EXCERPTED DATA below:
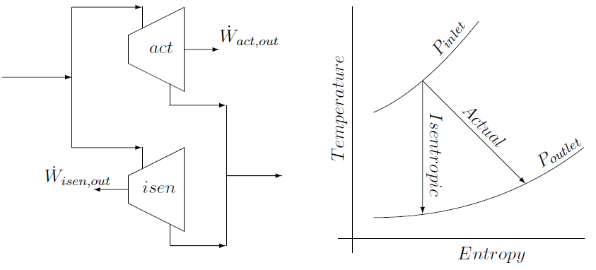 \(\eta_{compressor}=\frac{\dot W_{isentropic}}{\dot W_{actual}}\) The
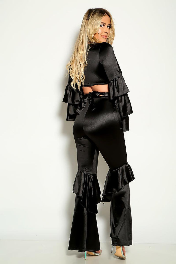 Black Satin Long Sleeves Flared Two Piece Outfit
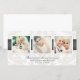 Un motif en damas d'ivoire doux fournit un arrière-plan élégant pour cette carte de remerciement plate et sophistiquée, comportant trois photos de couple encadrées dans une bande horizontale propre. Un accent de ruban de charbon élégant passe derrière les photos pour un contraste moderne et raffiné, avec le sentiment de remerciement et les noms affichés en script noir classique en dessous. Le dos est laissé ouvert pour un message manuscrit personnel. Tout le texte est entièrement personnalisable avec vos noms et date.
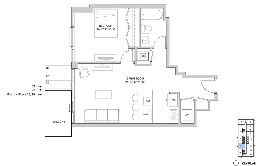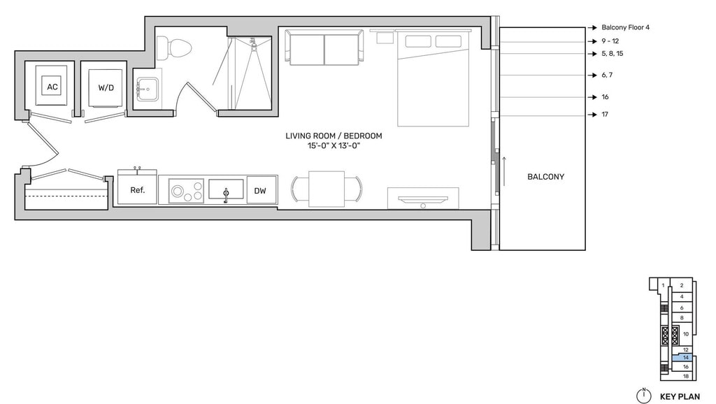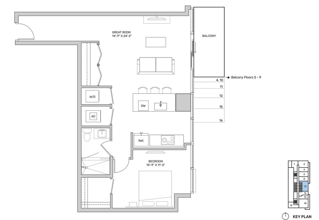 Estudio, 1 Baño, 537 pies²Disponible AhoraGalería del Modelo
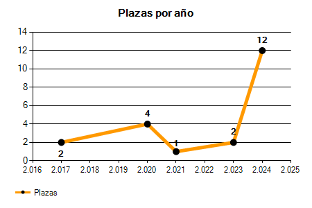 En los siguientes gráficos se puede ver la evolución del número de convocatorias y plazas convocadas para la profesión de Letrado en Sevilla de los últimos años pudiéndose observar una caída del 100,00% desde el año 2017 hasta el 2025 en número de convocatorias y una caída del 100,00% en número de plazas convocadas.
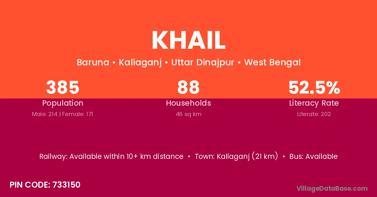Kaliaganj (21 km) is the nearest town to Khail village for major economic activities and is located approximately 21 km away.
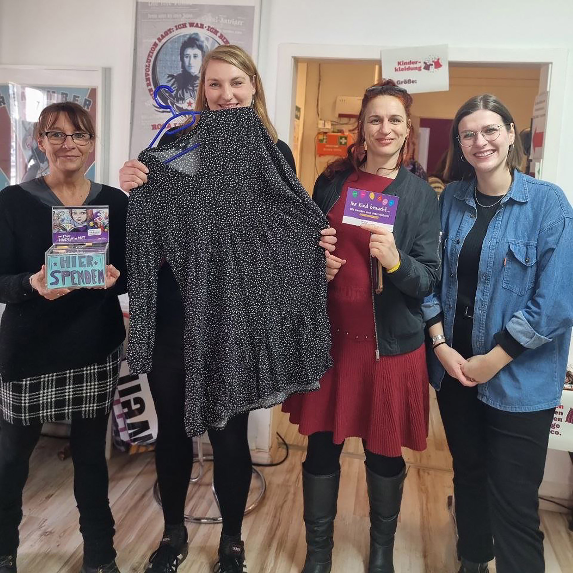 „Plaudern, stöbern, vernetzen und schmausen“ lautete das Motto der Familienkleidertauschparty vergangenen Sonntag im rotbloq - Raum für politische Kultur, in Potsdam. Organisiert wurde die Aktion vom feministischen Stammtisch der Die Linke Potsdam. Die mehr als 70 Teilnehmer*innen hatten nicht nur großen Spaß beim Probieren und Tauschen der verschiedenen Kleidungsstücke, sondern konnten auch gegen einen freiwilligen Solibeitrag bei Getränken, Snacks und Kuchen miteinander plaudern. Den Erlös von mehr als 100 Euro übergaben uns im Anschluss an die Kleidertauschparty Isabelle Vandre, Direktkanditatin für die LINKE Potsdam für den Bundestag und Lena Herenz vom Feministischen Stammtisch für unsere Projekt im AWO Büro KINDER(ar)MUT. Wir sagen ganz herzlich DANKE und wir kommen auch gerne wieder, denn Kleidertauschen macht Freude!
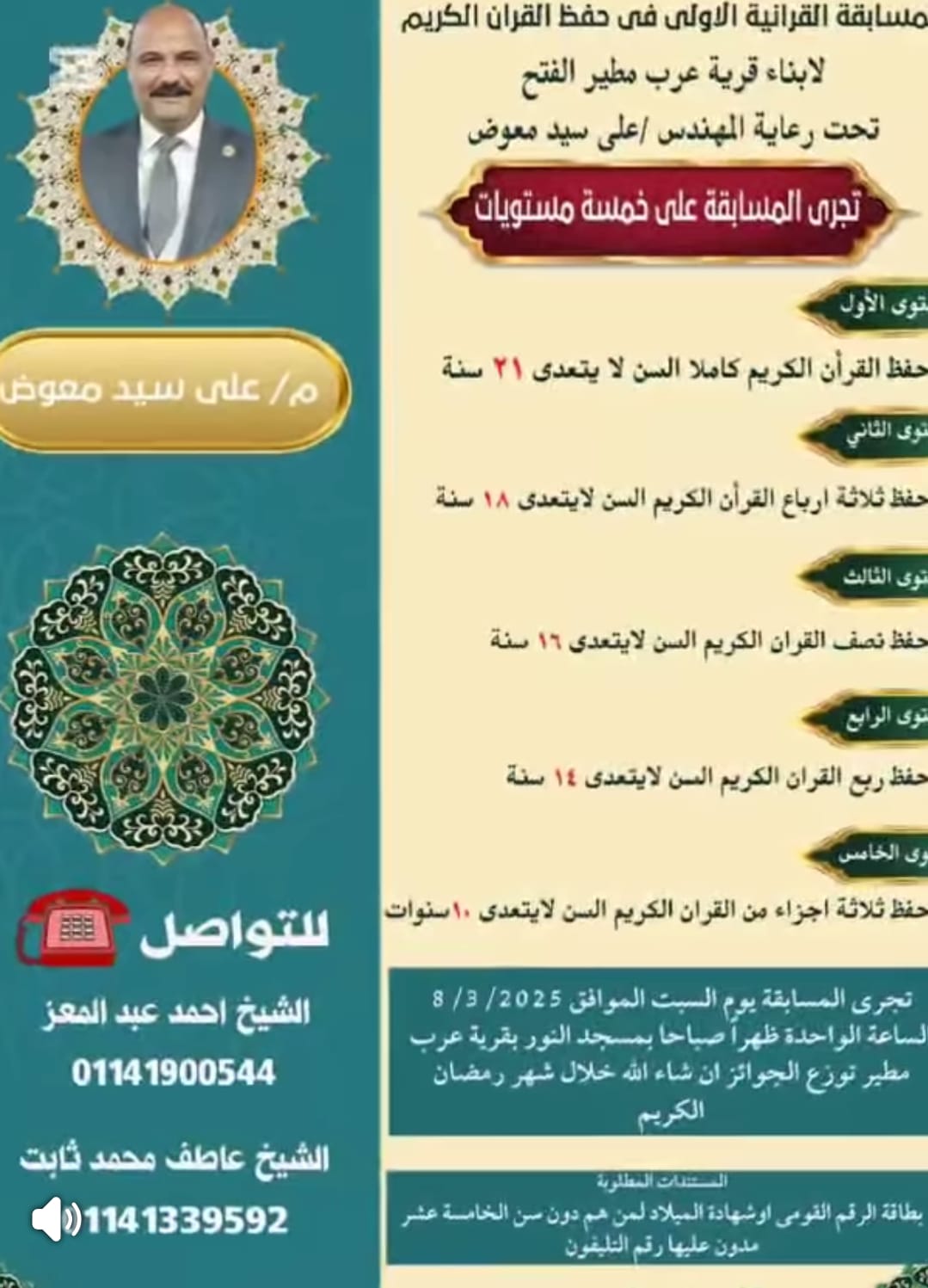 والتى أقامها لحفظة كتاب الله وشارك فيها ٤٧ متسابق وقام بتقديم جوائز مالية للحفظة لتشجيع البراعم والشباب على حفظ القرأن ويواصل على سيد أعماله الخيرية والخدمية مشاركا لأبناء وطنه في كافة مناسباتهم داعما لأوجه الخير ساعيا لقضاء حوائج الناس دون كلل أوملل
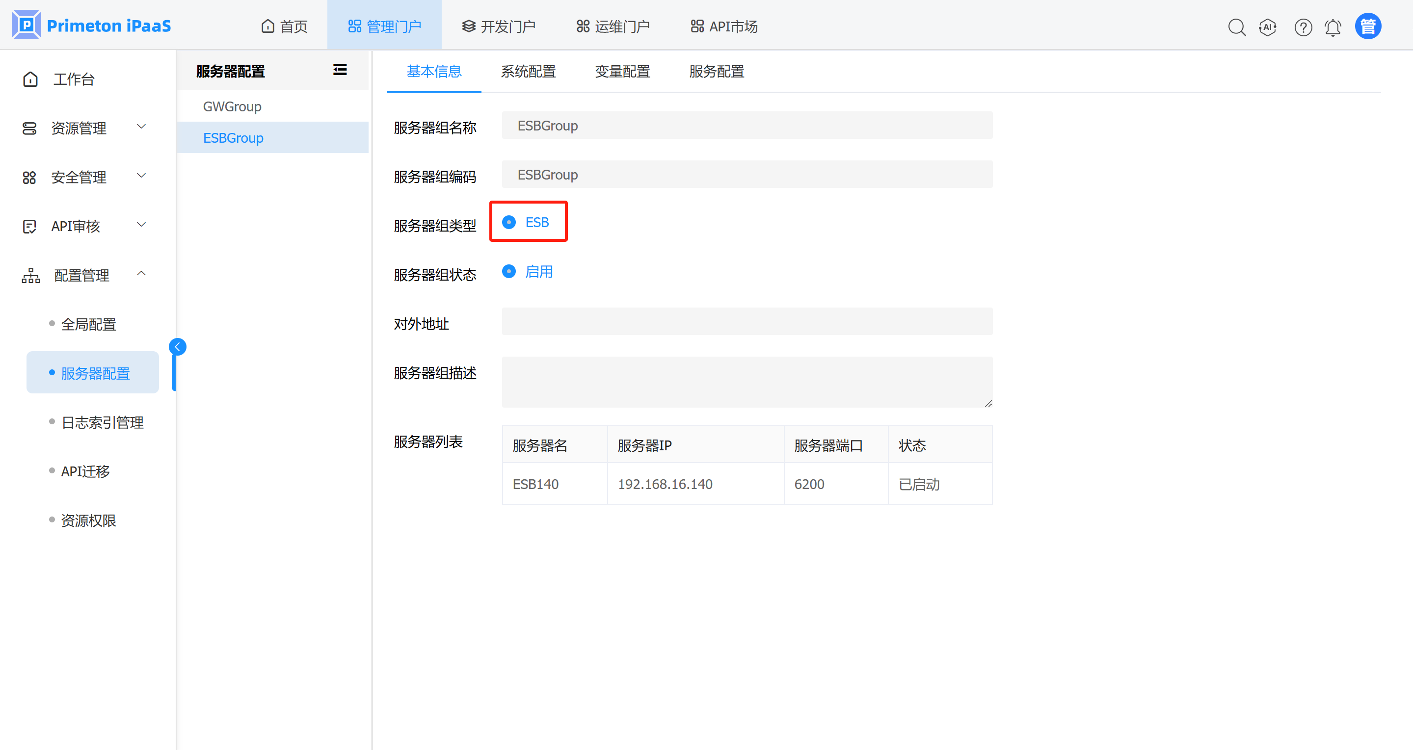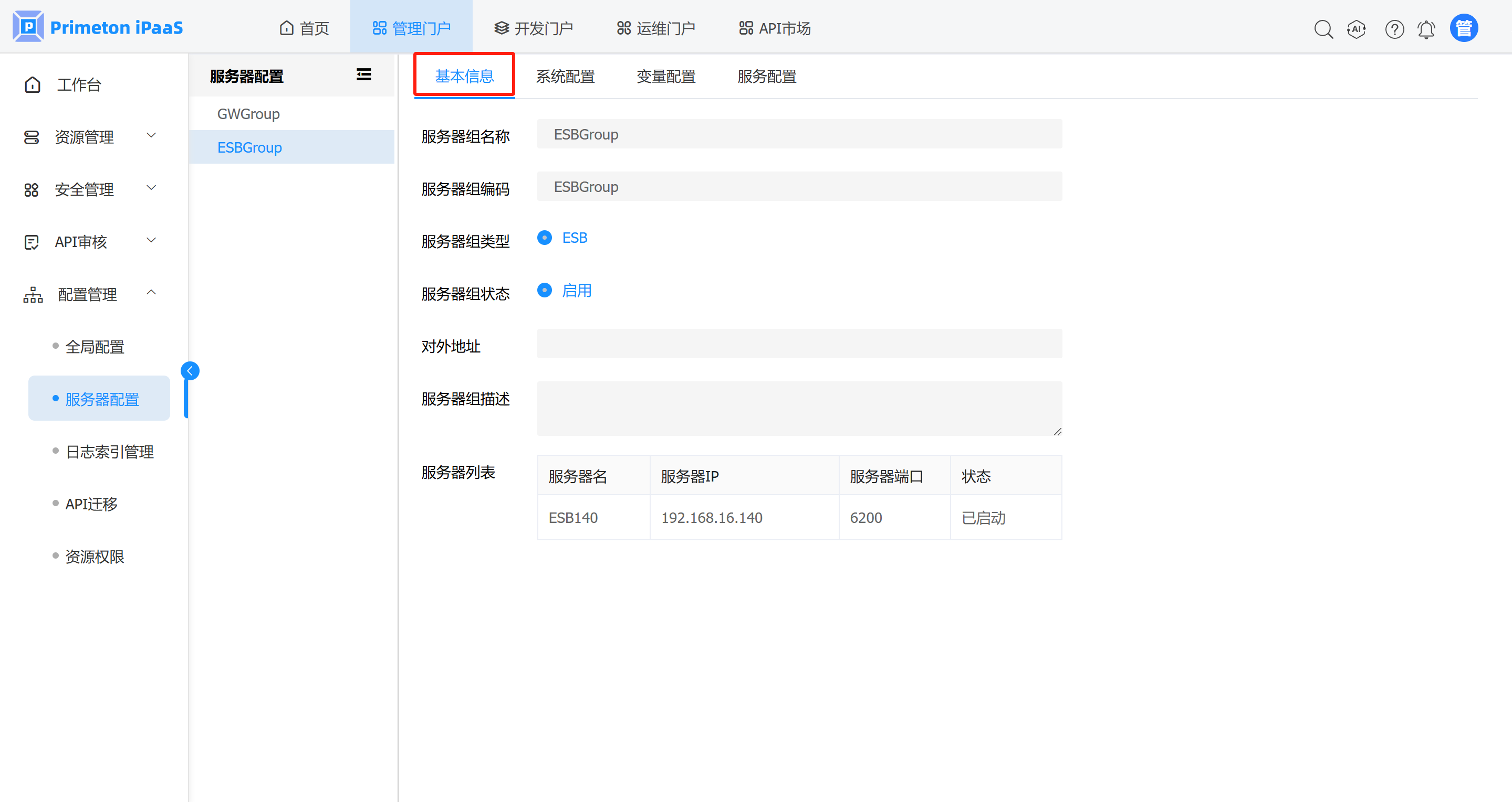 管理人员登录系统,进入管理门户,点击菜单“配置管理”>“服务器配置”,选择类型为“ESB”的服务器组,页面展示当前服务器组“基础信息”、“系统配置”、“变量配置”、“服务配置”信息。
End of EXCERPTED DATA.
**EXERCISE OBJECTIVE:**
This exercise asks for an exact copy of the lines from the first one in the data through the line that contains "Estudio, 1 Baño, 537", pictures excluded.

**EXERCISE RESPONSE:**
 \(\eta_{compressor}=\frac{\dot W_{isentropic}}{\dot W_{actual}}\) The
 Black Satin Long Sleeves Flared Two Piece Outfit
 Un motif en damas d'ivoire doux fournit un arrière-plan élégant pour cette carte de remerciement plate et sophistiquée, comportant trois photos de couple encadrées dans une bande horizontale propre. Un accent de ruban de charbon élégant passe derrière les photos pour un contraste moderne et raffiné, avec le sentiment de remerciement et les noms affichés en script noir classique en dessous. Le dos est laissé ouvert pour un message manuscrit personnel. Tout le texte est entièrement personnalisable avec vos noms et date.
 Estudio, 1 Baño, 537 pies²Disponible AhoraGalería del Modelo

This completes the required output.